** PROBLEM TO SOLVE **
Only the pictures are to be dropped; the rest of the data below is to be duplicated exactly.

(RECORDS TO USE Opens)

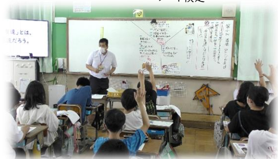
道徳の授業の様子

また、今年度は、これまでの算数科での授業研究に加え、特別の教科道徳についても授業研究に取り組んできました。「進んで自分の思いや考えを伝え合う」ことを大切にしてきたことが道徳の授業でも発揮され、思いや考えを出し合って学習を深めることができています。その成果を、今年度は、「右京北支部人権教育(道徳)授業研修会」で、右京北支部の学校のたくさんの先生方にも見ていただきました。今後も、自分の思いや考えを伝え合うことを大切に授業づくりをしていきたいと思っています。
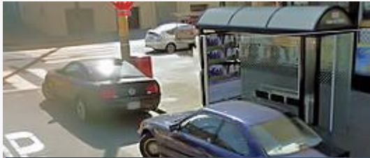
חניה בתחנת אוטובוס
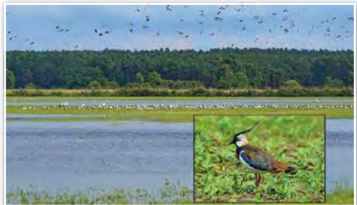
Hochwasser mit Möwen und Kiebitzen auf dem Pätzer Plan
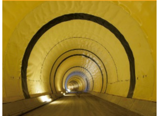
IMPERMEABILIZARE | WATERPROOFING
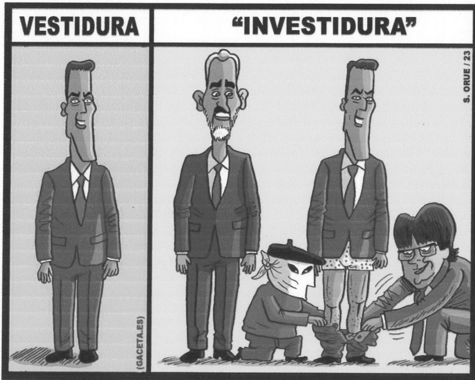
La Viñeta de la Iberosfera. La Gaceta , 22 de agosto de 2023
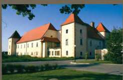
Grad v vasi Muretinci

Občina Gorišnica se ponaša s čudovito kmečko hišo – Dominkovo domačijo. Po mnenju strokovnjakov Zavoda za varstvo kulturne dediščine Slovenije velja za najstarejšo v celoti ohranjeno hišo, grajeno v panonkem stilu. Stara je nad tristo let.

(RECORDS TO USE Closes)

** ANSWER TO THIS EXERCISE **
道徳の授業の様子

また、今年度は、これまでの算数科での授業研究に加え、特別の教科道徳についても授業研究に取り組んできました。「進んで自分の思いや考えを伝え合う」ことを大切にしてきたことが道徳の授業でも発揮され、思いや考えを出し合って学習を深めることができています。その成果を、今年度は、「右京北支部人権教育(道徳)授業研修会」で、右京北支部の学校のたくさんの先生方にも見ていただきました。今後も、自分の思いや考えを伝え合うことを大切に授業づくりをしていきたいと思っています。
חניה בתחנת אוטובוס
Hochwasser mit Möwen und Kiebitzen auf dem Pätzer Plan
IMPERMEABILIZARE | WATERPROOFING
La Viñeta de la Iberosfera. La Gaceta , 22 de agosto de 2023
Grad v vasi Muretinci

Občina Gorišnica se ponaša s čudovito kmečko hišo – Dominkovo domačijo. Po mnenju strokovnjakov Zavoda za varstvo kulturne dediščine Slovenije velja za najstarejšo v celoti ohranjeno hišo, grajeno v panonkem stilu. Stara je nad tristo let.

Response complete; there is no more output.